● **DATA PROVIDED**:
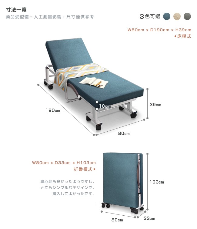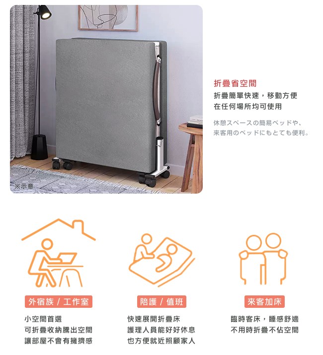 外宿族/工作室首選,可折疊收納騰出空間,讓部屋不會有擁擠感。推薦陪護/值班使用,快速展開折疊床,護理人員能好好休息,也方便就近照顧家人。有朋至遠方來,來客加床,睡感舒適,不用時折疊起來不佔用空間。
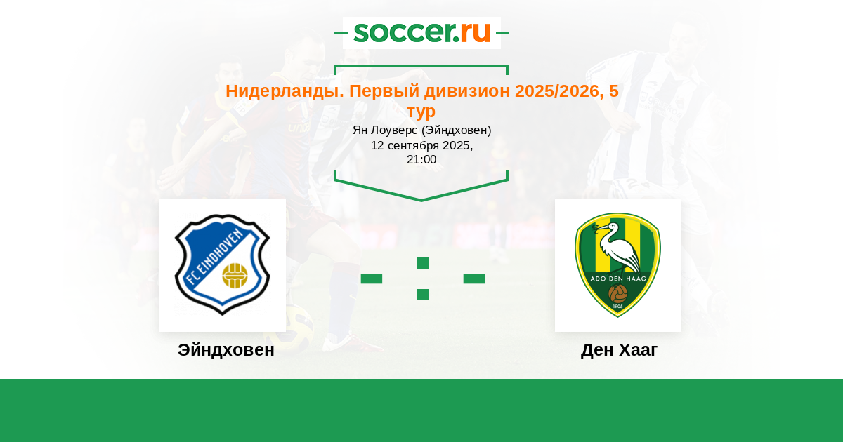 Нидерланды. Первый дивизион 05.09.2021 Ден Хааг Логотип футбольный клуб Ден Хааг (Гаага) 4:2 Логотип футбольный клуб Эйндховен Эйндховен
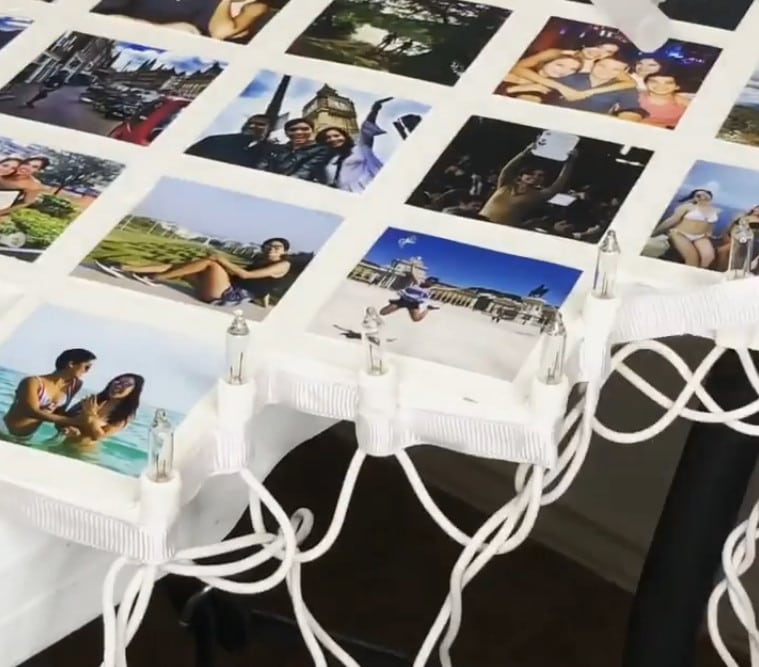 Для работы потребуется квадратная деревянная панель. Красиво будет смотреться рамка, вырезанная из деревянной панели, размеры которой составляют 1,1 м х 1 м. Также Вам понадобится ручная циркулярная пила, клей-пистолет, белая краска, квадратные фотографии размером 8 см х 8 см и фонарики для украшения.
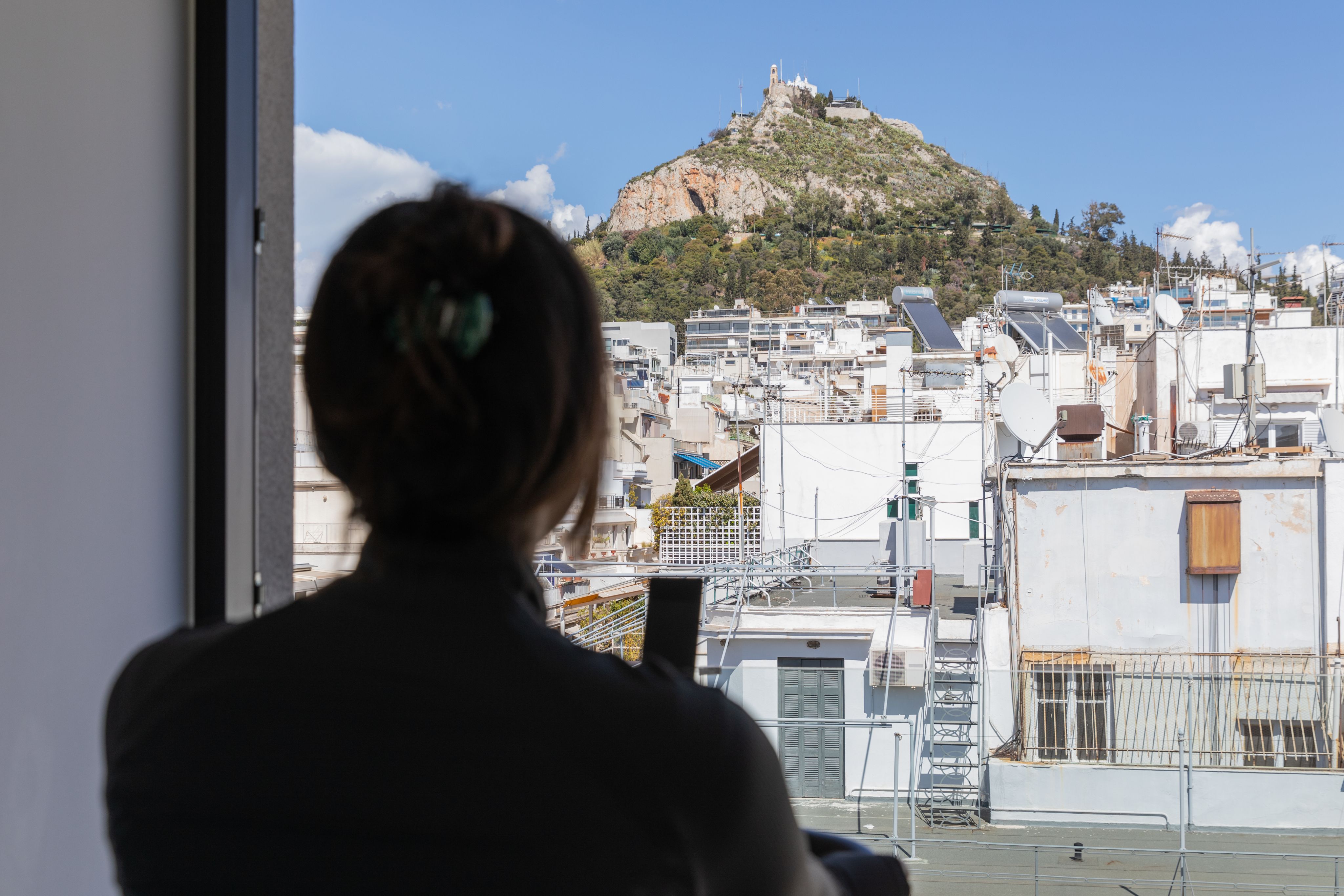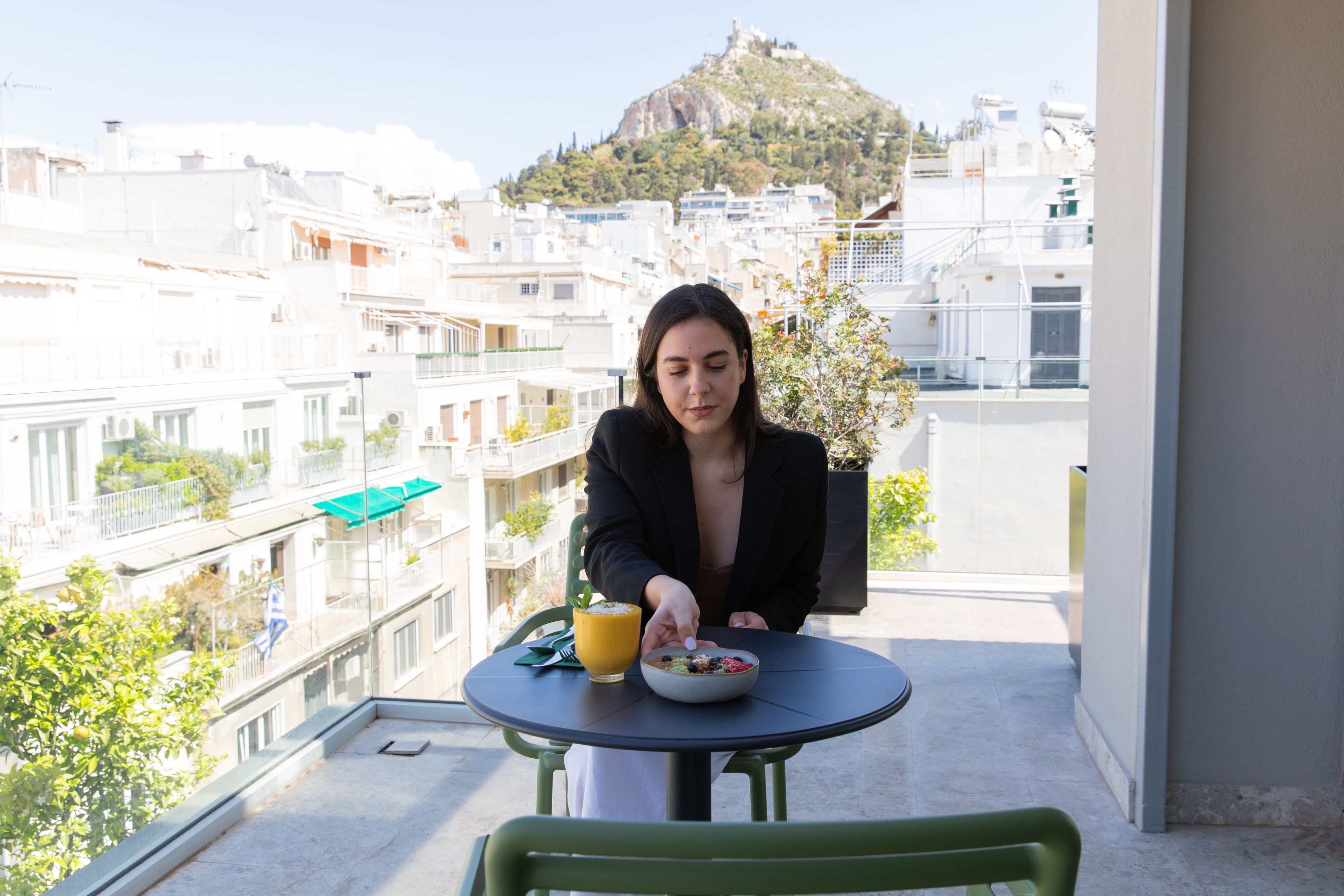 Επέλεξα το "σπίτι" μου για την ημέρα να είναι το penthouse του The Social Athens στον 7ο όροφο. Παρατήρησα λίγο τον χώρο: Μinimal αλλά ζεστή αισθητική, άνεση χωρίς την αίσθηση του επιτηδευμένου, προσεγμένη διακόσμηση, μεγάλα παράθυρα που άφηναν το φως να πλημμυρίσει κάθε κρυφή γωνία. Ξαφνικά, όλη η ένταση της πόλης φαινόταν να χάνεται. Βγήκα έξω, στο μπαλκόνι. Ακόμα και τώρα, που γράφω αυτό το άρθρο, θυμάμαι με κάθε λεπτομέρεια τη θέα στον Λυκαβηττό. Απλώς, out of space.

● **TRY IT**:
Up to and including the line with "Для работы потребуется", copy the data above from its first line. Skip pictures.

● **RESPONSE TO THIS EXERCISE**:
 外宿族/工作室首選,可折疊收納騰出空間,讓部屋不會有擁擠感。推薦陪護/值班使用,快速展開折疊床,護理人員能好好休息,也方便就近照顧家人。有朋至遠方來,來客加床,睡感舒適,不用時折疊起來不佔用空間。
 Нидерланды. Первый дивизион 05.09.2021 Ден Хааг Логотип футбольный клуб Ден Хааг (Гаага) 4:2 Логотип футбольный клуб Эйндховен Эйндховен
 Для работы потребуется квадратная деревянная панель. Красиво будет смотреться рамка, вырезанная из деревянной панели, размеры которой составляют 1,1 м х 1 м. Также Вам понадобится ручная циркулярная пила, клей-пистолет, белая краска, квадратные фотографии размером 8 см х 8 см и фонарики для украшения.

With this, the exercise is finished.